SMCR7L - SMCR7L
Митохондриальный динамический белок MID51 (MID51) также известный как фактор элонгации митохондрий 1 (MIEF1) или Синдром Смита-Магениса область хромосомы кандидатный ген 7 белок-подобный (SMCR7L) - это белок что у людей кодируется SMCR7L ген.[5][6][7]
Функция
Ген SMCR7L кодирует белок, который получил название MiD51 / MIEF1 и, как было показано, регулирует деление митохондрий за счет взаимодействия с белками Drp1 и FIS1.[8]
Рекомендации
- ^ а б c ГРЧ38: Ансамбль выпуск 89: ENSG00000100335 - Ансамбль, Май 2017
- ^ а б c GRCm38: выпуск Ensembl 89: ENSMUSG00000022412 - Ансамбль, Май 2017
- ^ "Справочник человека по PubMed:". Национальный центр биотехнологической информации, Национальная медицинская библиотека США.

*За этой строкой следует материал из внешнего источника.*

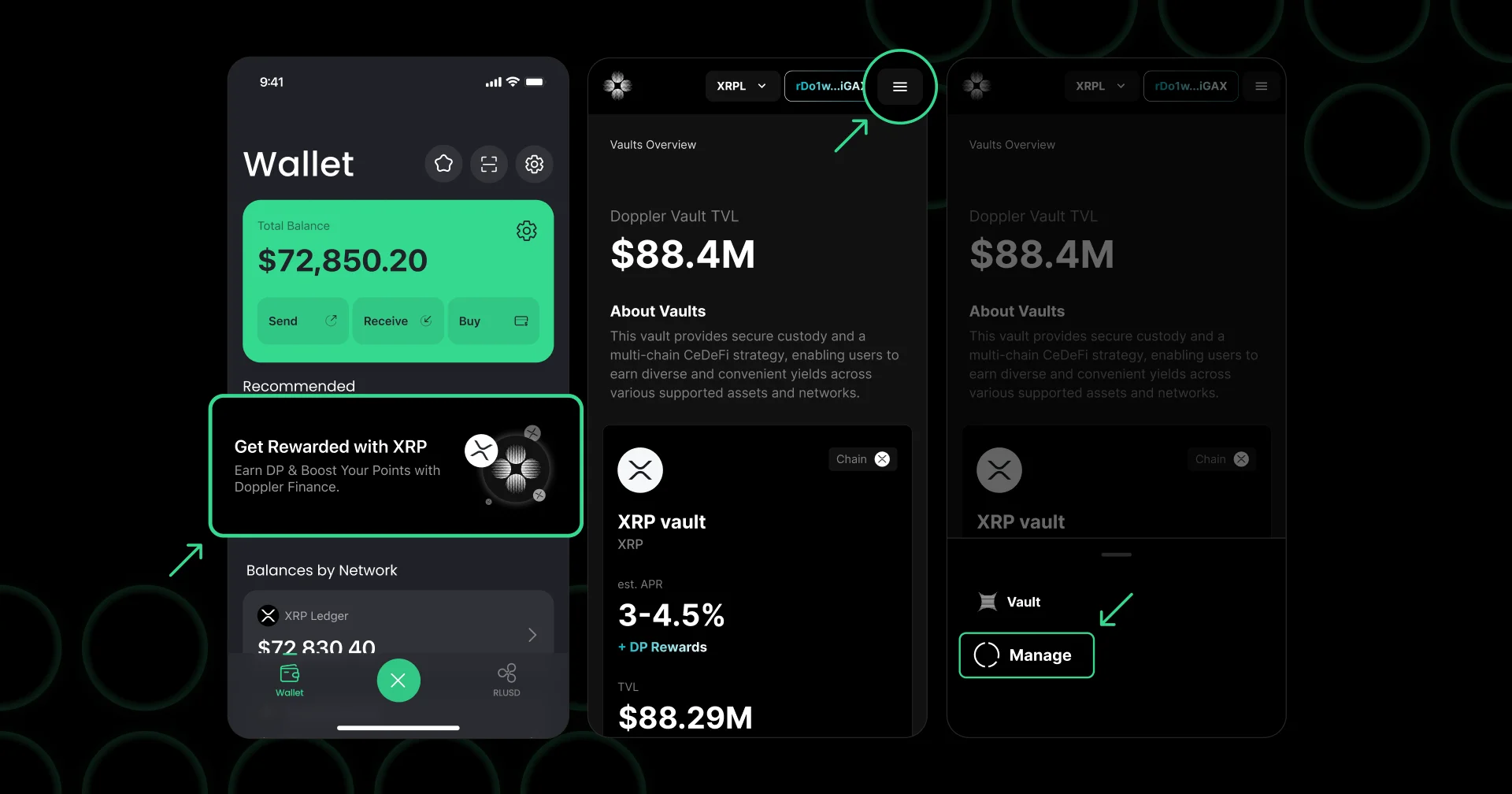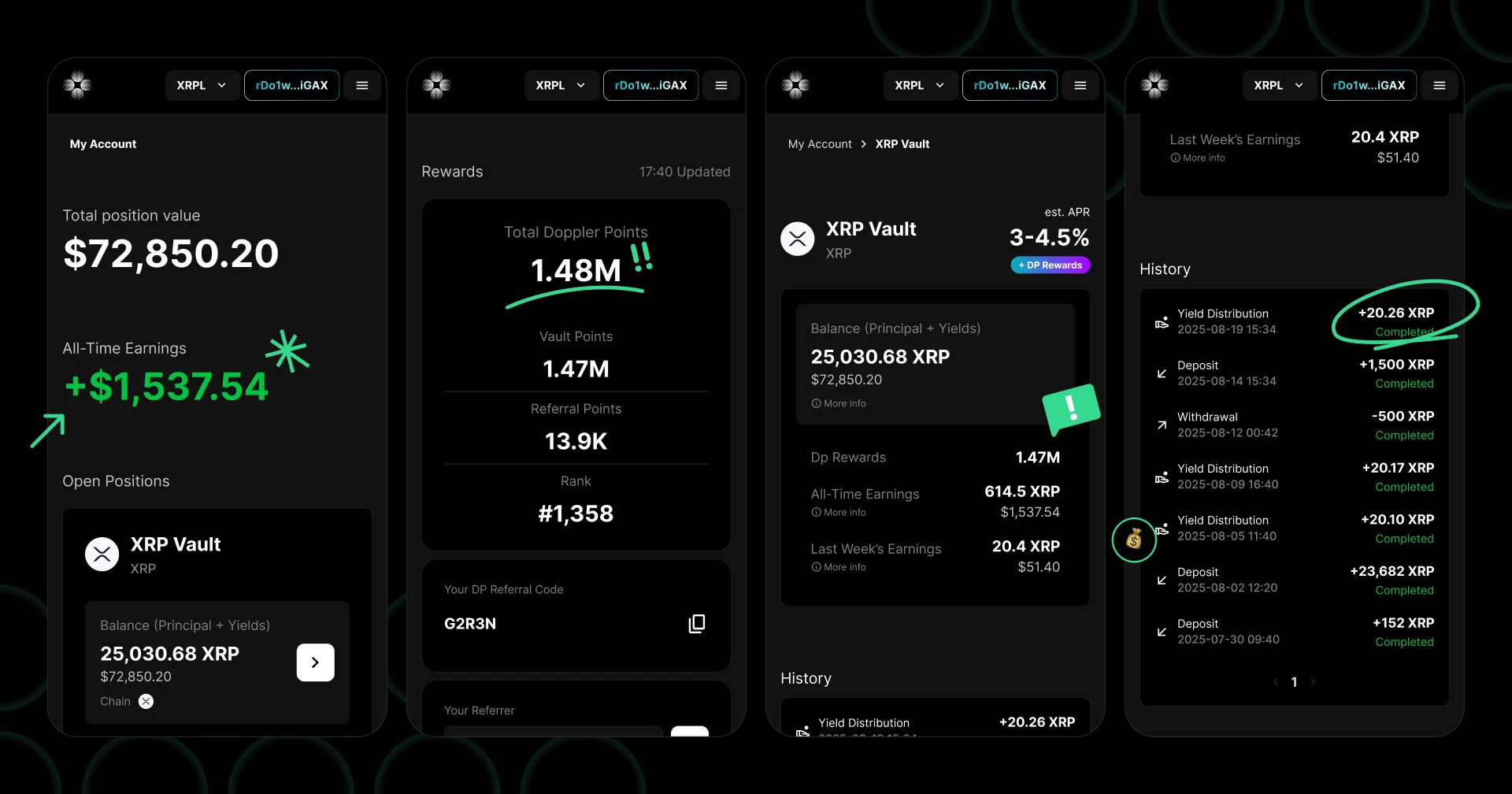 도플러 파이낸스(Doppler Finance)에 $XRP를 예치하면 자산에 기반해 보상(XRP)과 도플러 포인트(DP)가 적립됩니다. 예치된 자산과 보상은 도플러 파이낸스에서 제공하는 대시보드에서 확인할 수 있습니다.

- ^ "Ссылка на Mouse PubMed:". Национальный центр биотехнологической информации, Национальная медицинская библиотека США.
- ^ Wiemann S; Weil B; Wellenreuther R; Gassenhuber J; Glassl S; Ансорге В; Bocher M; Блокатор H; Bauersachs S; Blum H; Lauber J; Дастерхофт А; Бейер А; Корер К; Strack N; Mewes HW; Оттенвальдер Б; Обермайер Б; Tampe J; Heubner D; Wambutt R; Korn B; Klein M; Поустка А (март 2001 г.). «К каталогу генов и белков человека: секвенирование и анализ 500 новых полных белков, кодирующих кДНК человека». Genome Res. 11 (3): 422–35. Дои:10.1101 / гр. GR1547R. ЧВК 311072. PMID 11230166.
- ^ Андерссон Б; Wentland MA; Ricafrente JY; Лю В; Гиббс Р.А. (июнь 1996 г.). «Метод« двойного адаптера »для улучшения конструкции библиотеки дробовиков». Анальный биохим. 236 (1): 107–13. Дои:10.1006 / abio.1996.0138. PMID 8619474.
- ^ «Ген Entrez: SMCR7L хромосомная область синдрома Смита-Магениса, кандидат 7-подобный».
- ^ Диков, Д .; Райхерт, А. С. (2011). «Как разделиться: уроки митохондрий». Журнал EMBO. 30 (14): 2751–2753. Дои:10.1038 / emboj.2011.219. ЧВК 3160261. PMID 21772324.
дальнейшее чтение
- Ю. В., Андерссон Б., Уорли К. С. и др. (1997). «Крупномасштабное конкатенационное секвенирование кДНК». Genome Res. 7 (4): 353–8. Дои:10.1101 / гр. 7.4.353. ЧВК 139146. PMID 9110174.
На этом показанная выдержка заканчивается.